Psalm 102 begins, “Hear my prayer, O Lord, and let my cry come unto thee. Hide not thy face from me in the day when I am in trouble; incline thine ear unto me: in the day when I call answer me speedily” (verses 1 and 2). Psalm 102 is twenty-eight verses long, and God has not answered by the end of it. Yet the psalmist works through his anguish to a place of trust and victory and a calm assurance in faith.
The Psalms do that for us. How many of them arise out of an experience of pain and stress, of fear and weakness, of the sense of one’s own smallness in a vast universe that threatens to overwhelm! When we are fat and full, how many of us look up to God with a sense of gratitude and ongoing dependence? But God allows distresses in our lives in order to draw us to Himself, to get us to look up after we have looked around and found nothing to help. He does not put us through privation and pain out of a perverse delight in our suffering; rather, our sufferings are allowed in order to make us aware of our need, not so much of deliverance – that is a given – but of Him as our Deliverer. All life’s experiences are given us to make us hungry for a relationship with Him.
He needs nothing from us
All this in not because God is a complete egotist, itching for our praise. He needs nothing from us. He is not added to when we praise and love Him, and we cannot diminish Him when we ignore Him. He is Who He is; He never changes, whatever we do, or whatever happens to us. But He loves us with a powerful love we cannot even begin to conceive of. It flows in one direction always, from Him to us, like an inconceivably expanded, infinite Niagara Falls, pouring down on us gallon after never-ceasing gallon, crashing over us in a flood that never ends. If we hand Him up our spoonfuls of love back to Him, how can that increase Him?
Look up
But it increases us. And that is why He so endlessly funnels down to us the experiences we undergo day after day, good, bad, and indifferent (in our view).
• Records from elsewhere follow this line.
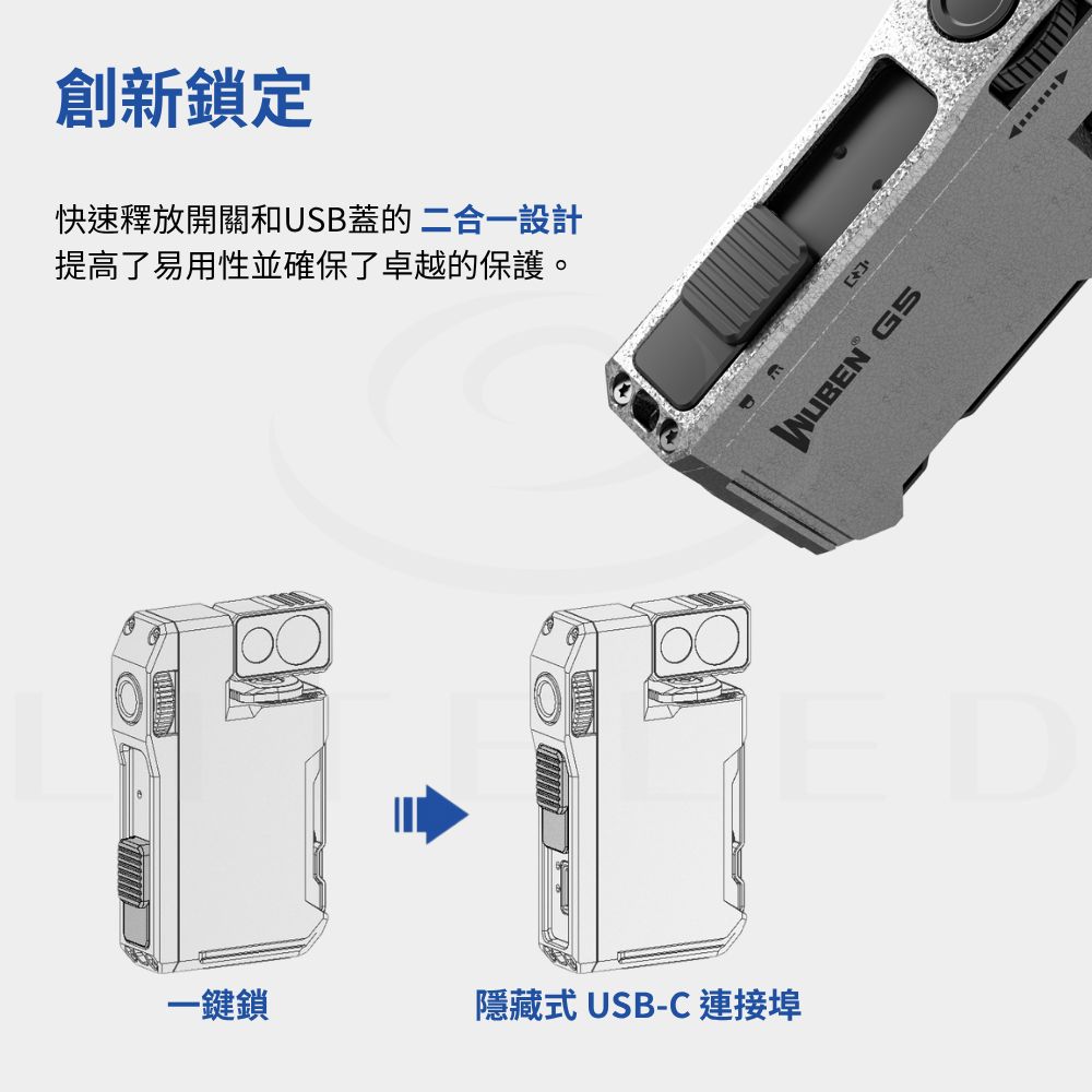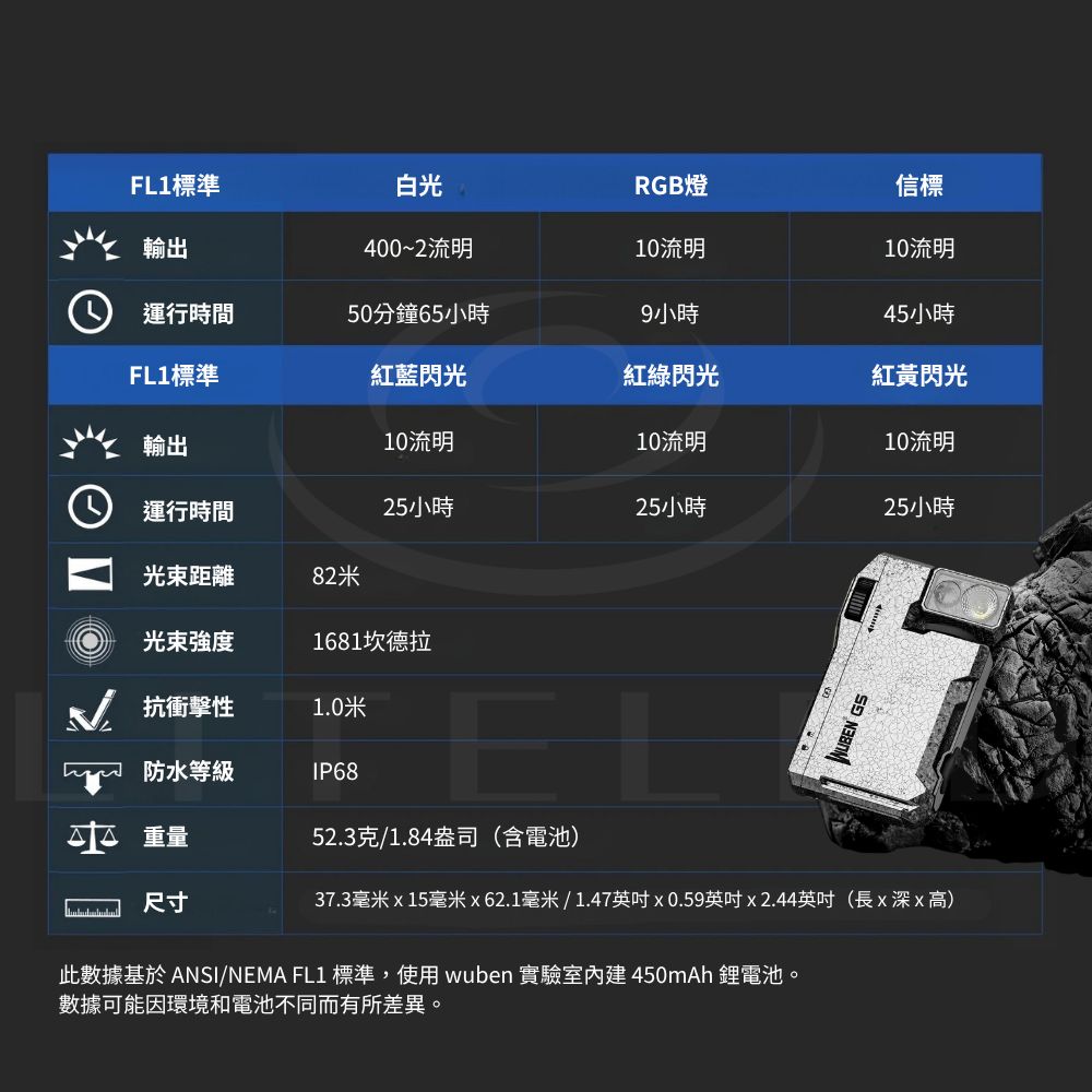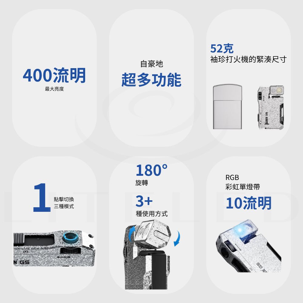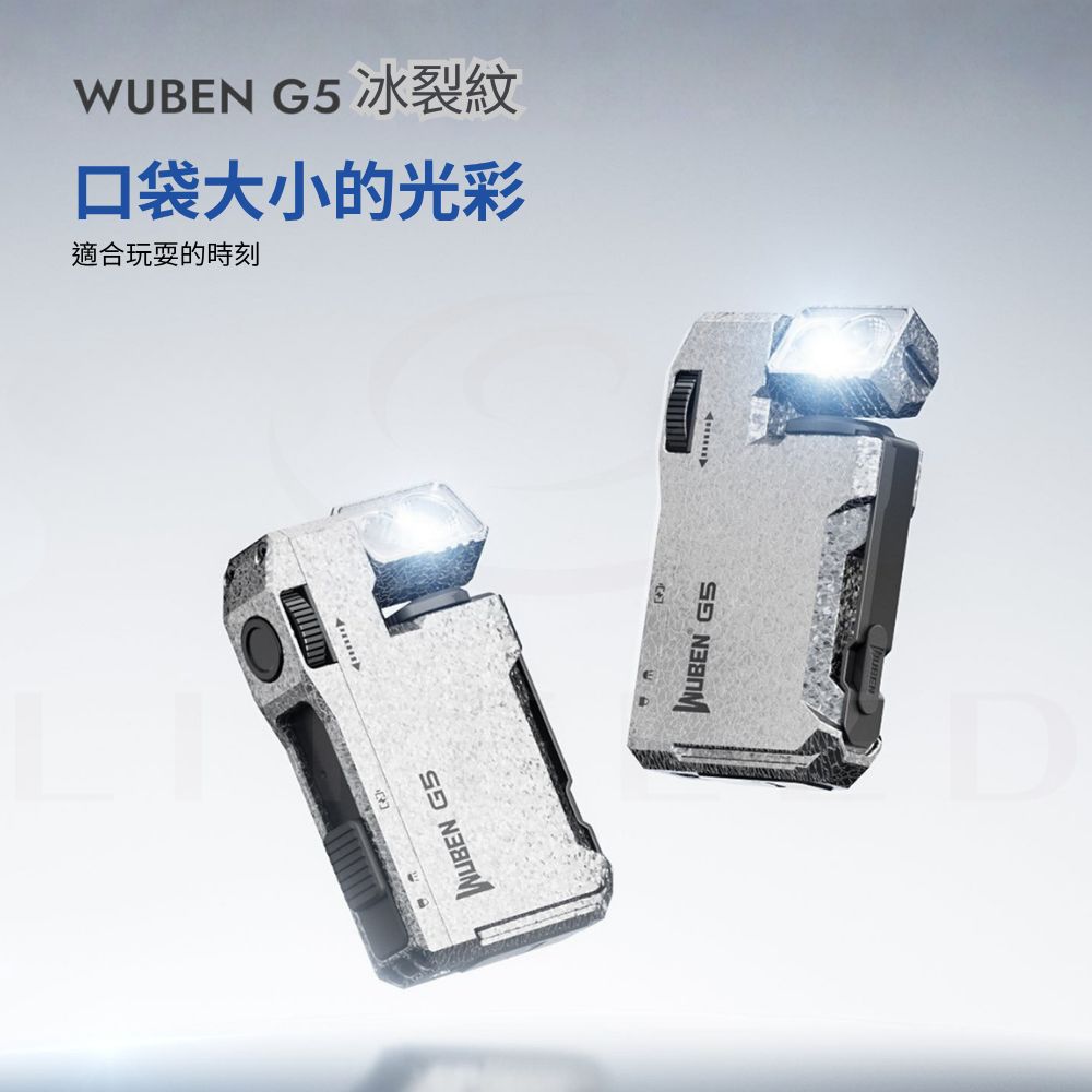 WUBEN G5 冰裂紋 多功能便攜燈 400流明 7色RGB 無極調節 背夾自由調整 尾部磁吸 180度旋轉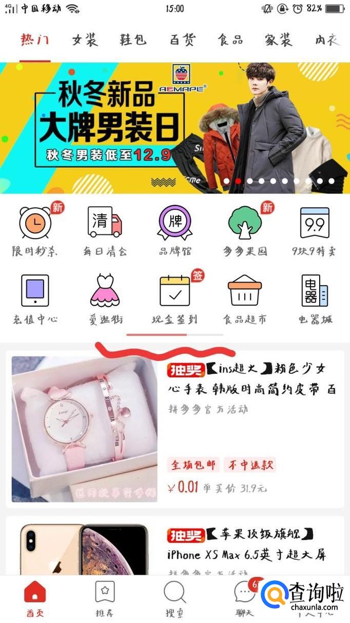 打开拼多多软件,进入首页界面,手指向左滑动。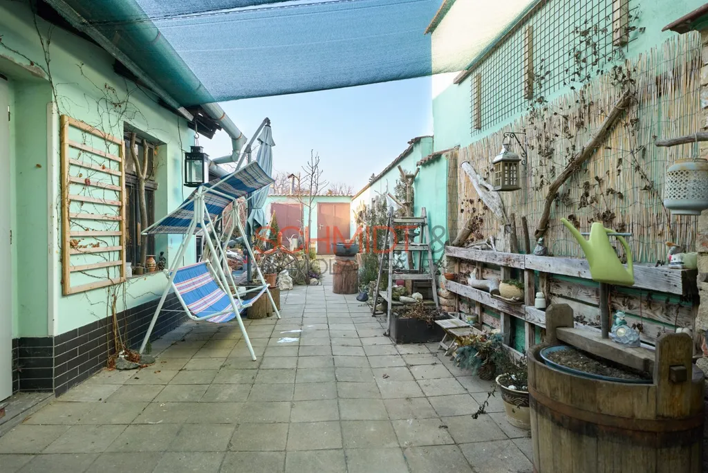 Na dům navazuje uzavřený dvůr, který poskytuje dostatek soukromí. Jeho součástí je vytápěná dílna, kvelbený sklep (2x4 metry), vhodný ke skladování nebo jako vinný sklep, a přímý vstup do dlouhé zahrady. Zahrada je osázená ovocnými stromy.

All the endless stuff that comes our way is given to put us in the place where finally we will look up to Him in faith and dependence and trust. Even when we have come to the place of faith, He continues to do it, for faith is not a place but a journey, and every step is meant to bring us further in toward Him, and further up in our relationship to Him.
faith is not a place but a journey
Our whole nation is experiencing a great trial in the present day, and this loving God has it securely in hand. And whatever further experiences we must go through “tomorrow and tomorrow and tomorrow”, we can be confident (if we will) that they are working out God’s purposes. And one of those purposes is to draw our attention to Himself, and to cry out to Him along with the Psalmist, in faith and trust and expectation. Everything happens for our good, however bad it looks.
Dwell in the Psalms. They are one hundred and fifty cries of human hearts to the God Who continues to care for us in our day. Walk through them, and cry alongside the psalmists with your own cry of faith. I guarantee that then you will be helped, even if, by the end of your own “psalm’, nothing outwardly changes. Inwardly you will be renewed.